Sudents at the Grand People's Study House, and P'yongyang - [1] [2] Courtesy Cho Yung Soon

Outside the formal structure of schools and classrooms is the extremely important "social education." This education includes not only extracurricular activities but also family life and the broadest range of human relationships within society. There is great sensitivity to the influence of the social environment on the growing child and its role in the development of his or her character. The ideal of social education is to provide a carefully controlled environment in which children are insulated from bad or unplanned influences. According to a North Korean official interviewed in 1990, "School education is not enough to turn the rising generation into men of knowledge, virtue, and physical fitness. After school, our children have many spare hours. So it's important to efficiently organize their afterschool education."

In his 1977 "Theses on Socialist Education," Kim Il Sung described the components of social education. In the Pioneer Corps and the Socialist Working Youth League (SWYL), young people learn the nature of collective and organizational life; some prepare for membership in the Korean Workers' Party. In students' and schoolchildren's halls and palaces, managed by the SWYL Central Committee, young people participate in many extracurricular activities after school. There also are cultural facilities such as libraries and museums, monuments and historical sites of the Korean revolution, and the mass media dedicated to serving the goals of social education. Huge, lavishly appointed "schoolchildren's palaces" with gymnasiums and theaters have been built in P'yongyang, Mangyngdae, and other sites. These palaces provide political lectures and seminars, debating contests, poetry recitals, and scientific forums.
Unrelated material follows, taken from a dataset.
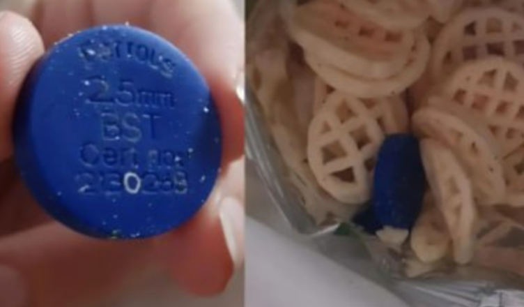 Okazało się, że ten niebieski dysk to testowy chip, który służy do sprawdzania działania wykrywaczy metalu.

The Students' and Children's Palace in P'yongyang attracted some 10,000 children daily in the early 1990s.

Although North Korean children would not seem to have much time to spend at home, the family's status as the "basic unit" of society also makes it a focus of social education. According to a North Korean publication, when "homes are made revolutionary," parents are "frugal . . . courteous, exemplary in social and political life," and children have proper role models.